Дабы показать, что этой традиции недостаточно для социального действия, французские писатели надевали экзотические маски: вспомним «Персидские письма» (1720) Монтескье или «Задиг» (1748) Вольтера; только восточные одежды позволяли сказать, что между риторикой и реальной политикой имеет место серьезный разрыв. Лотреамон – опуская все промежуточные звенья – как раз показывал, как можно рационализировать эмоции, причем самые темные, близкие одержимости, не на школьной скамье, независимо от школьных уроков. Для любого французского школьника все было понятно: сожженная рука – Муций Сцевола, окровавленный меч – Брут, бедные стены дома – Фабриций. Эти римские героические фигуры предшествовали всему страшному, странному, ужасающему, тогда как Лотреамон заново, независимо от этих школьных фигур собрал мир, в котором отрубленные руки, выколотые глаза, голод, несчастье, насилие существуют независимо от эпизодов римской истории, но в полном соответствии с общей логикой этого мира.
Два произведения Лотреамона, которые вошли в эту книгу, «Песни Мальдорора» и «Стихотворения», написаны очень по-разному. «Песни Мальдорора» имитируют готическую прозу, только от первого лица, как если бы кто-то, излагая готический роман, стал бы говорить одновременно от лица странника в черном плаще и даже от лица самого мрачного замка. Так, вживаясь сразу во множество образов, иногда пересказывают книги дети, но во французской традиции это восходит к одной из древнейших, еще античных форм сочинения – «просопопеи», речи от лица какого-то исторического деятеля. Эти упражнения, к которым восходят и наши школьные рассуждения об «образе Онегина» и «образе Печорина», должны были раскрыть Перикла или Сократа: учащийся должен был сочинить за них речь, которую те произнесли бы в неожиданной ситуации. Но если говорят статуарные герои Античности, то почему не могут начать говорить вещи? Заслуга Лотреамона в том, что он объединил все эти речи: речи палача и плахи, клеветника и брюзги, завистника и сладострастника звучат в одном мире и от одного лица.

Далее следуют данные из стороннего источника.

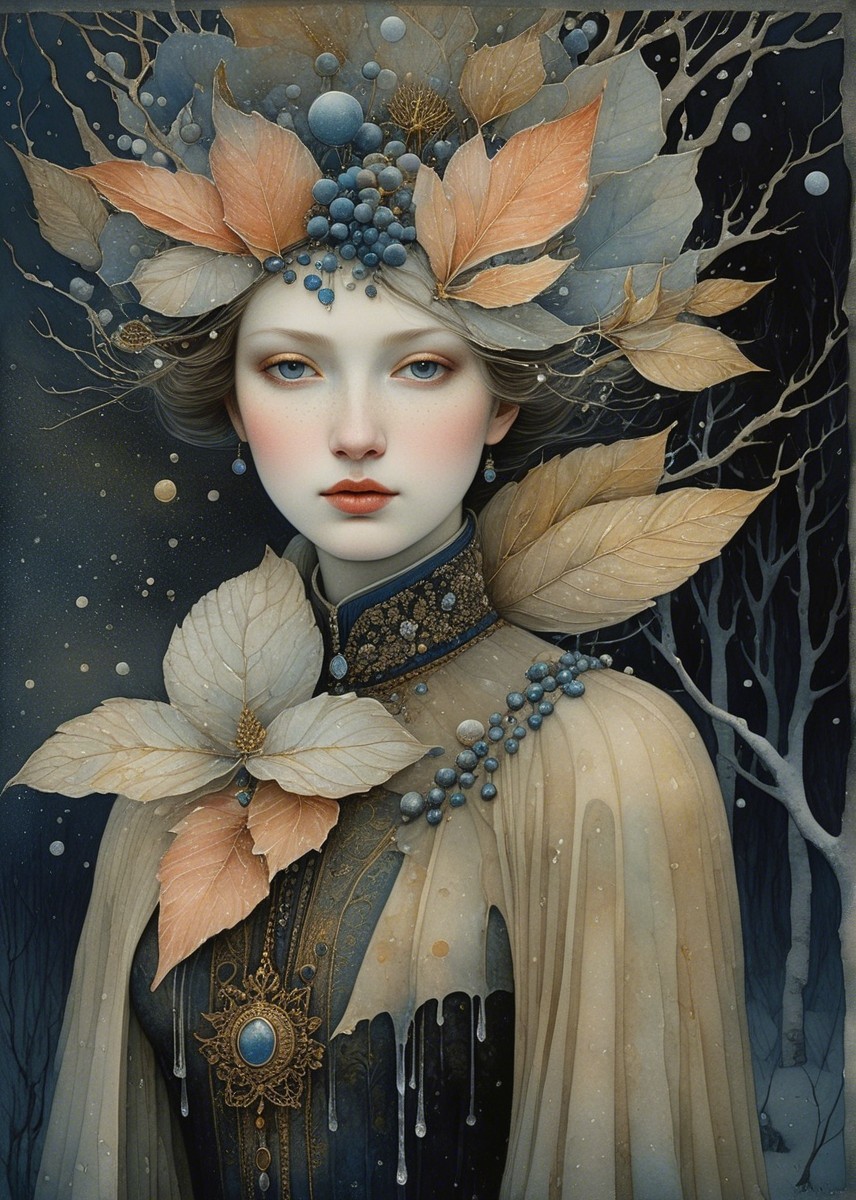 view shot zof a beautiful abrasive of the (cosmic magical mystical winter queen snowflake Queen Anne lace splendor:1.3), by (Arthur Rackham and Edward Deakin, Michael Parkes:0.8), (Tempera and depiction:0.8), 16:9, (painting:

«Стихотворения» – это, наоборот, рациональный взгляд на поэтическую традицию, суд над ее эмоциональностью и как бы торопливостью; взгляд, который сам превращается в самостоятельное произведение. Эта техника, конечно, напоминает элегический жанр, который, будучи пронизан самыми печальными эмоциями, общей регулярностью настроения сдерживает их, позволяет поглядеть на них несколько со стороны. Опять же прорыв Лотреамона в том, что он не останавливается на каком-то одном настроении, но предлагает сразу множество вариантов: он спорит, обличает, размышляет, каталогизирует и показывает, что здесь нет ничего неизменного; при этом на эмоции можно посмотреть вполне отстраненно. Этим, конечно, он предвосхищает то, что мы называем современным искусством – где жанр не существен, стратегии и тактики художника будут самыми неожиданными, но при этом мы знаем, что данное произведение состоялось как факт искусства. При этом и «Песни Мальдорора», и «Стихотворения» написаны прозой – такова как раз классическая образовательная французская традиция: жесткая позиция ударения во французском языке не позволяла переводить античных поэтов с соблюдением метрики оригинала, поэтому все знали, что, если не говорить о поэтических переложениях, достоверный научный перевод Овидия или Авзония выполнен в прозе – каким-нибудь аббатом.